▸ **Problem requirements**: Only the lines from the one containing "The structure of" through the final line below belong in the output, copied exactly and without pictures.

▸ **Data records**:
- - - -

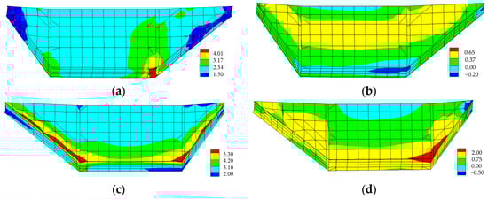 Stress distribution of base (unit: MPa). (a) Major principal stress at the end of construction; (b) minor principal stress after dam impounding; (c) major principal stress at the end of construction; and (d) minor principal stress after dam impounding.
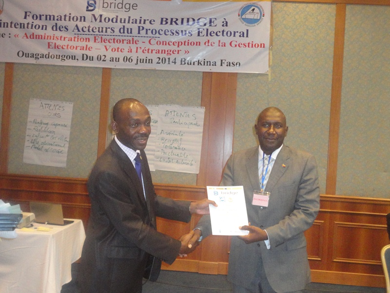 La formation modulaire BRIDGE organisée par la Commission électorale nationale indépendante (CENI), a réuni des représentants d’organisations de la société civile (OSC), de partis et formations politiques, du conseil supérieur de la communication, du conseil constitutionnel, du conseil d’Etat, de la CENI et l’Union Africaine. Elle a duré du 2 au 06 juin 2014 à Ouagadougou. A la clôture, les participants ont témoigné des acquis engrangés.
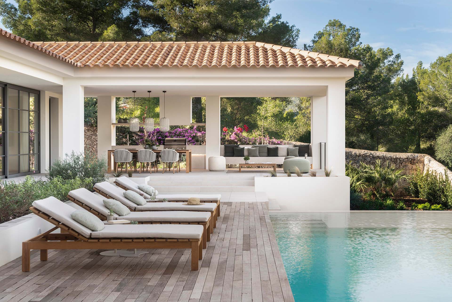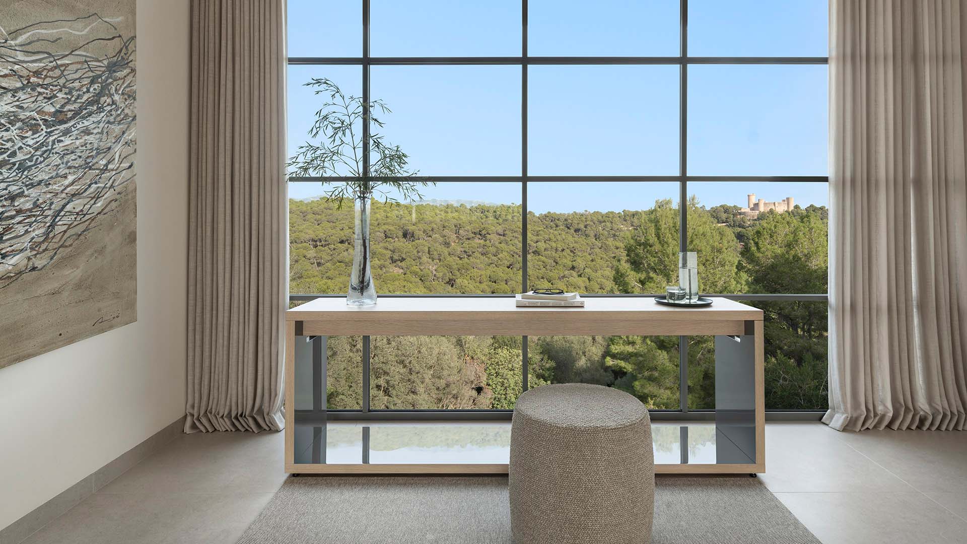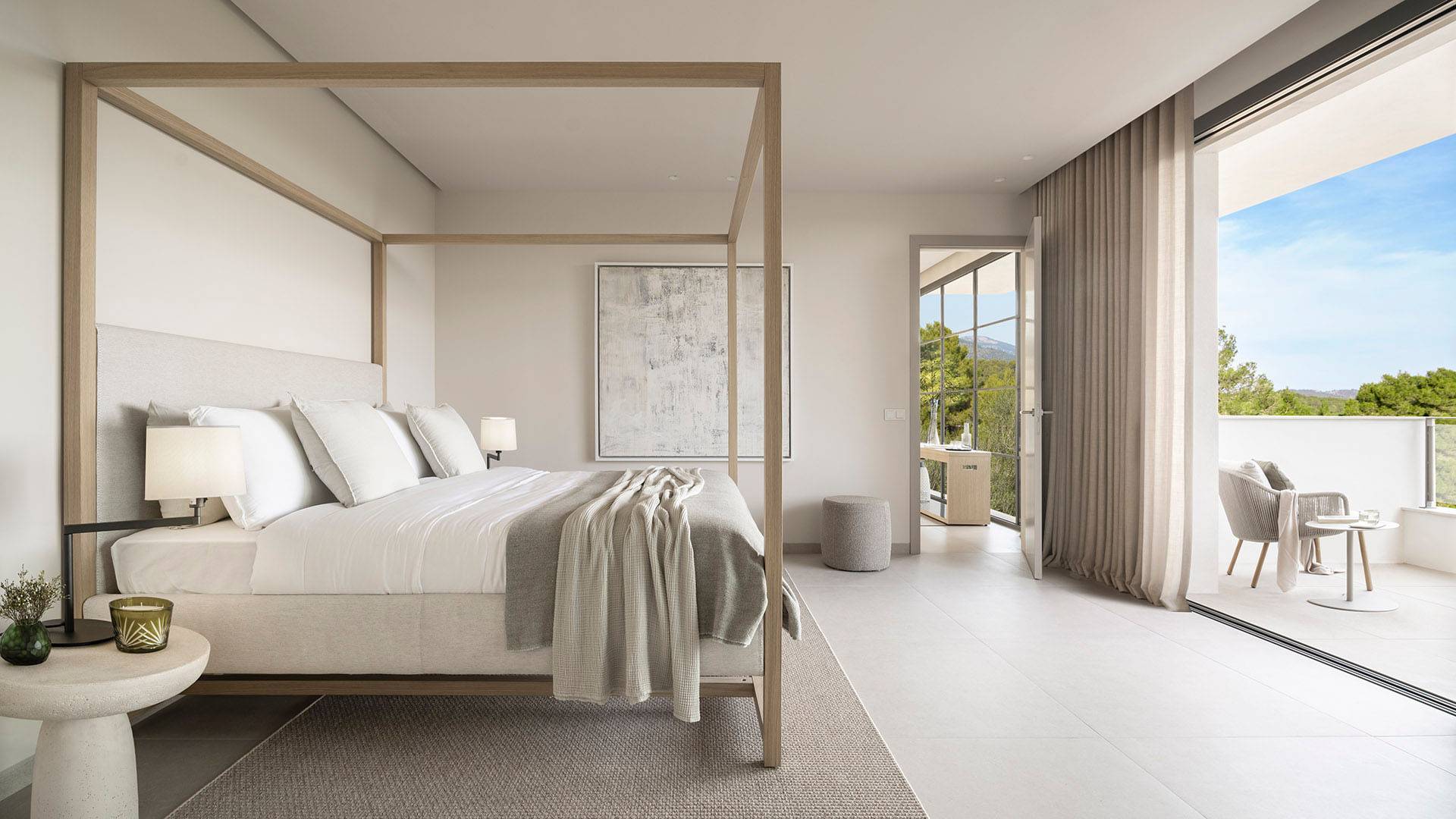 La zona de descanso, en la planta superior, ofrece un refugio tranquilo con una cama con dosel en el dormitorio principal, con vistas al Castillo de Bellver y a los atardeceres rosados. Los espacios exteriores invitan a disfrutar de la naturaleza circundante, con materiales que se integran con el paisaje boscoso y un porche equipado para veladas al aire libre. Bonanova es más que una casa, es un hogar donde la elegancia se une con la naturaleza para crear experiencias familiares inolvidables.
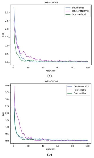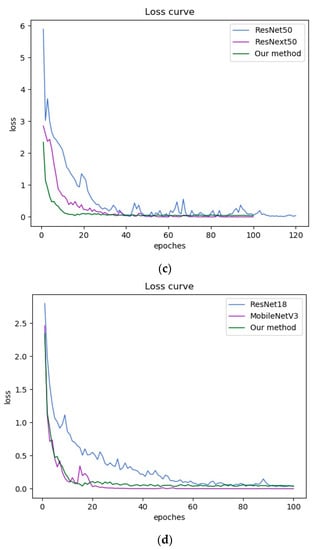 The loss function of each model during training is shown in Figure 10, where (a) is the comparison of our method with the loss function of EfficientNetv2-s and ShuffleNet, (b) is the comparison of our method with the loss function of ResNet101 and DenseNet121, (c) is the comparison of the loss function of our method with ResNet50 and ResNeXt50 and (d) is the comparison of the loss function of our method with ResNet18 and MobileNetV3. All the loss functions were cross-entropy loss functions.
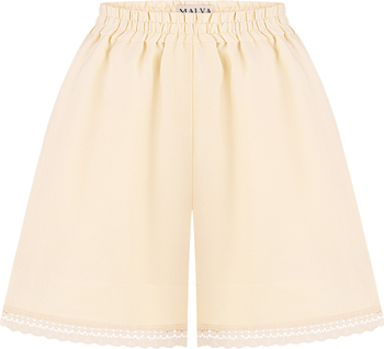 Matching high-waisted shorts featuring delicate lace-trimmed hems for a feminine, polished look.
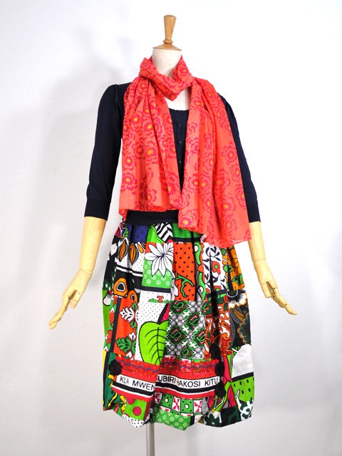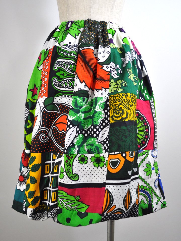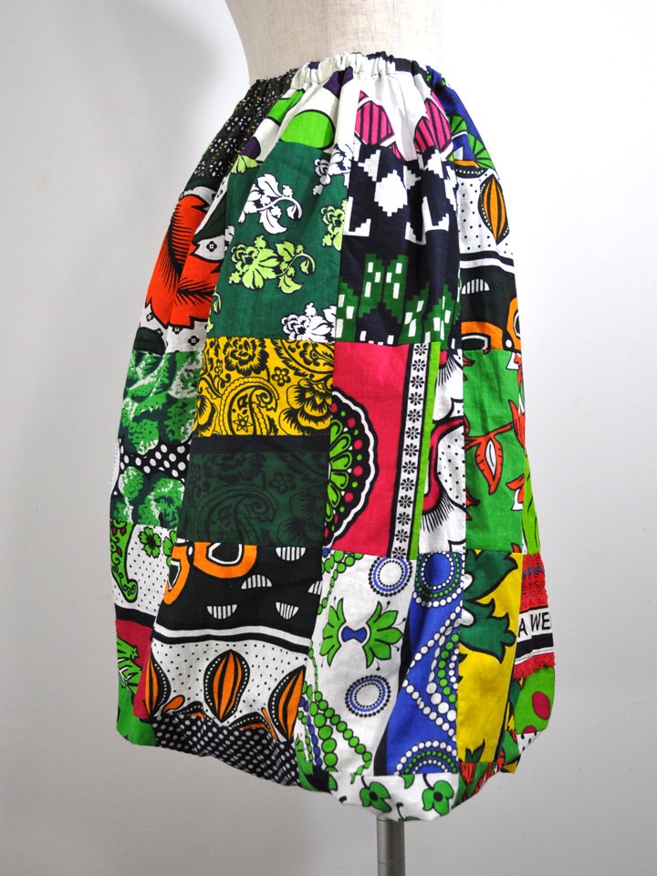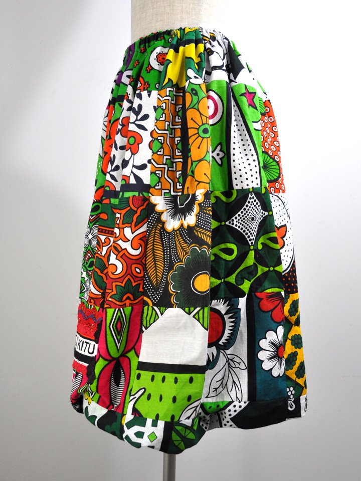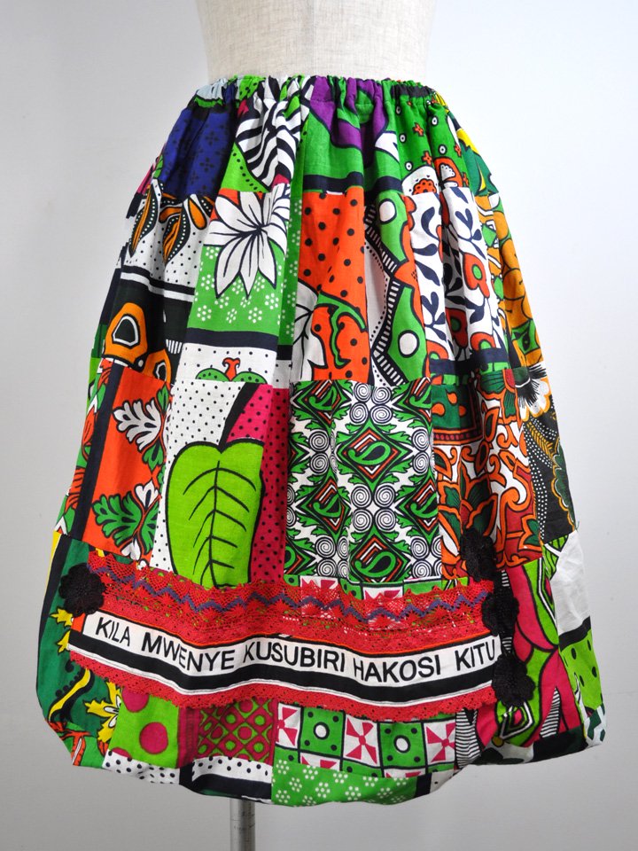 カンガのデコパッチワーク・バルーンスカート・ピンク&グリーン
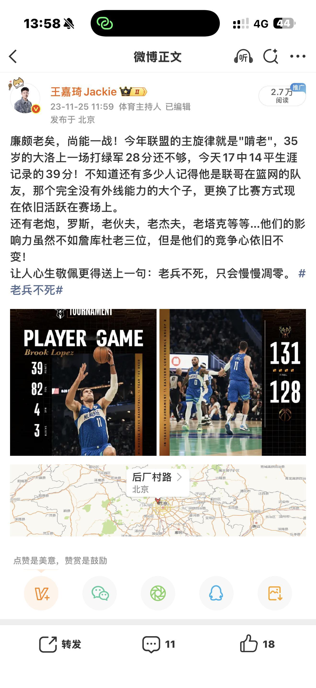 苍老的剑客最后的绝招不是敏捷而是熟练。洛杉矶快船 37周岁即将年满38周岁的大洛用创生涯记录的单场9个三分改变了比赛,也改变了快船的比赛逻辑。他不单单是得分,更重要是让哈登小卡有了更好的空间,也让邓恩柯林斯打的更舒服。但是今天也是感慨上一次大洛的30+还是两年前,那场比赛也正好是我说的,现在他其实还是一样的努力…他还是曾经的那个愿意打破舒适圈愿意提升自己的大个子。加油年迈的水手,加油老兵们! 北京·腾讯北京总部大楼
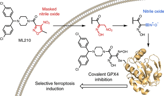 The structure of GPX4 features a highly specific active site, making it difficult to target with traditional small-molecule binding. ML210, however, is a prodrug that is capable of undergoing various transformations necessary to covalently bind to and inhibit GPX4. This prodrug possesses a masked nitroisoxazole group that exhibits structural features that are vulnerable to chemical changes. Since it is not reactive in its initial state, a cellular transformation is required to become an active electrophile that inhibits its target protein17.
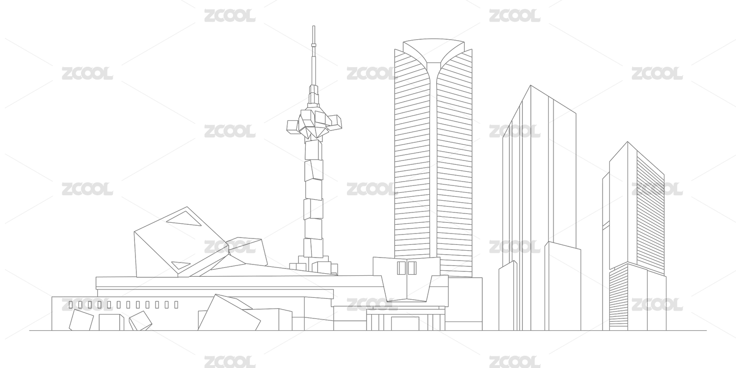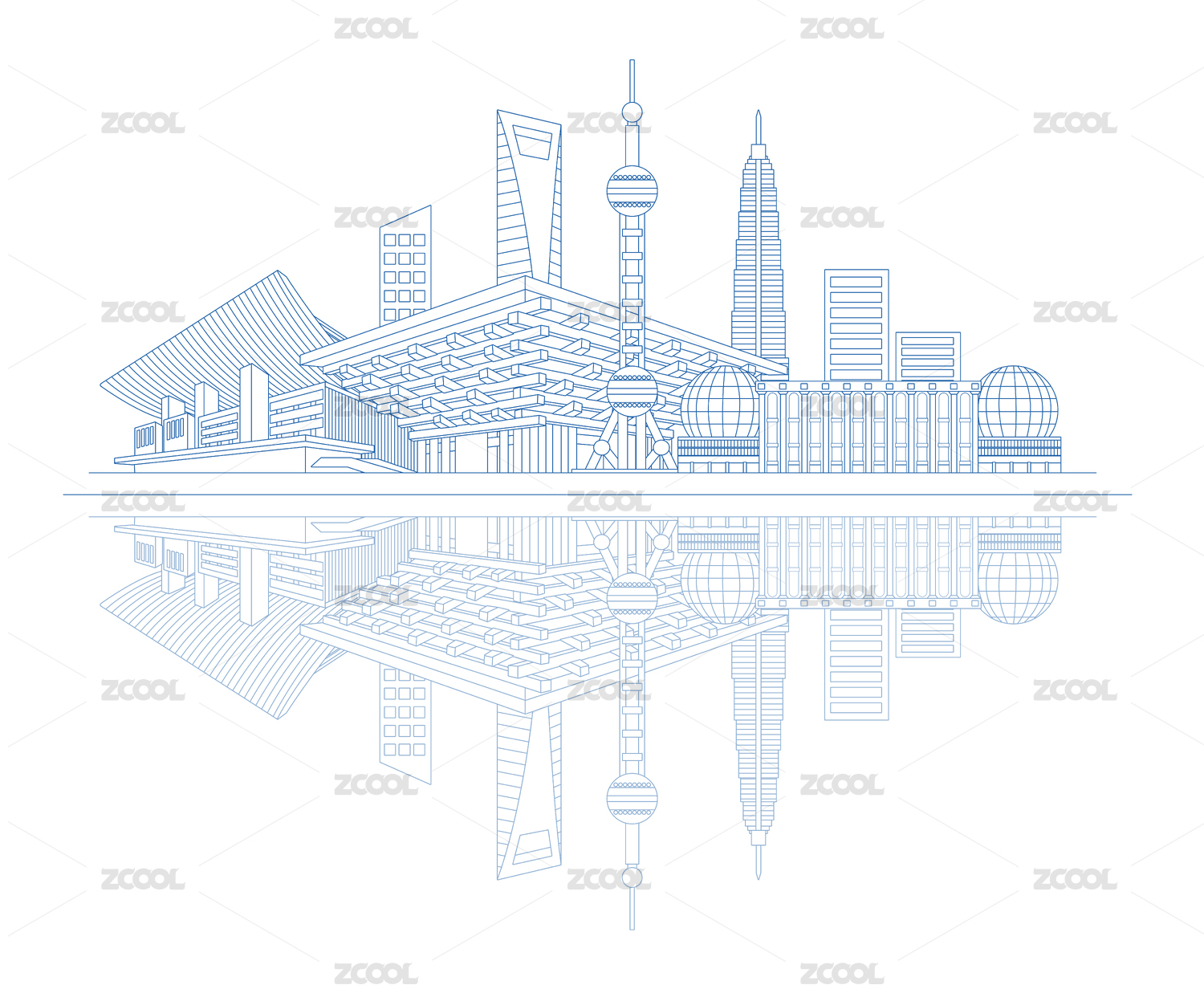 东方明珠,中华艺术宫,大剧院,东方体育中心,地标,建筑,矢量,描边,上海,线性

- - - -

▸ **The completed task**:
 The structure of GPX4 features a highly specific active site, making it difficult to target with traditional small-molecule binding. ML210, however, is a prodrug that is capable of undergoing various transformations necessary to covalently bind to and inhibit GPX4. This prodrug possesses a masked nitroisoxazole group that exhibits structural features that are vulnerable to chemical changes. Since it is not reactive in its initial state, a cellular transformation is required to become an active electrophile that inhibits its target protein17.
 东方明珠,中华艺术宫,大剧院,东方体育中心,地标,建筑,矢量,描边,上海,线性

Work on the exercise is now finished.